Como Fraga estaba en Alemania, el Gobierno transfirió la responsabilidad a los mandos policiales. Decidieron mano dura. Violando el Concordato con la Santa Sede, que protegía el ámbito eclesiástico, la policía armada lanzó gases lacrimógenos dentro del templo y los presentes fueron obligados a abandonar el templo. Los agentes utilizaron contra ellos no sólo porras y pelotas de goma, sino también armas de fuego.

Aún quedan incógnitas por resolver. Según el historiador Carlos Karniser, se trató “evidentemente de un hecho delictivo, pero si hubo una orden directa para actuar así porque era especialmente grave, o si fue una decisión de las fuerzas policiales que estaban allí y fue negligencia, eso es algo que no pudimos averiguar en la documentación”.
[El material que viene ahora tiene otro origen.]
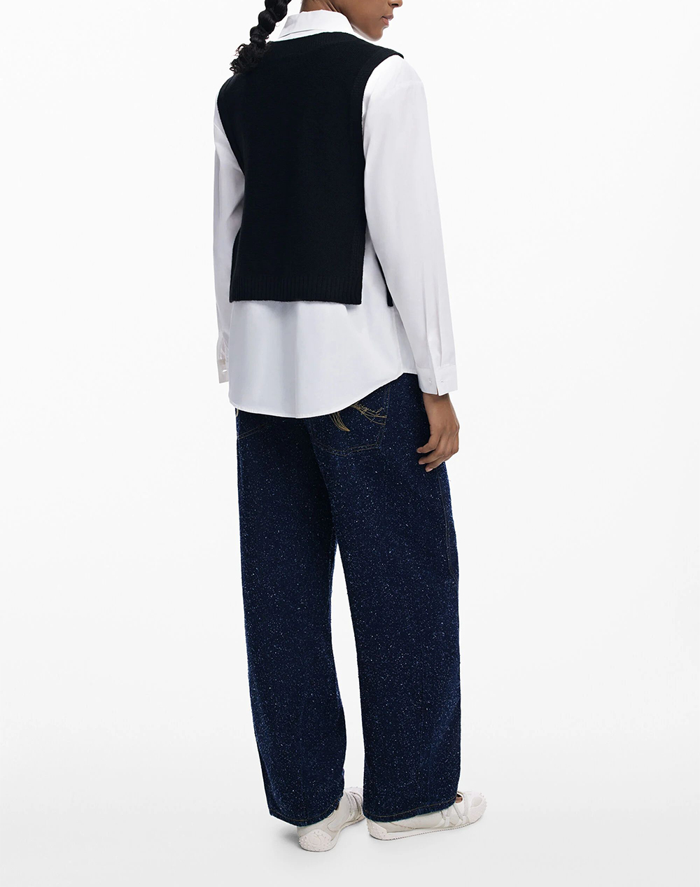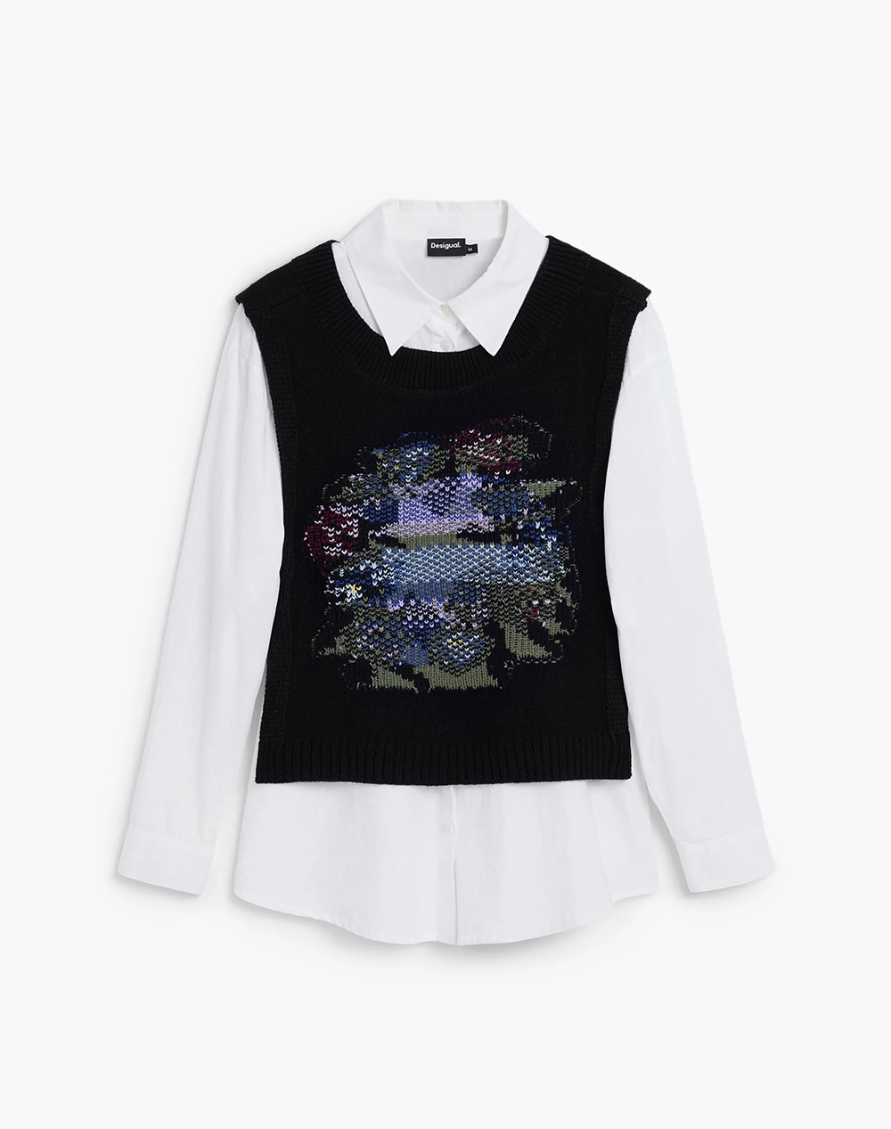 Γυναικείο πουκάμισο με πλεκτό γιλέκο από βαμβακερό ύφασμα.

Policías armados mataron a un total de cinco trabajadores: Pedro María Martínez, Francisco Aznar, Romualdo Barroso, José Castillo y Bienvenido Pereda. A la lista habría que sumar casi un centenar de heridos, entre ellos algunos agentes. Además, un sexto manifestante que protestaba por la masacre en Tarragona, Juan Gabriel Rodrigo, murió al caer de un tejado mientras huía de la policía.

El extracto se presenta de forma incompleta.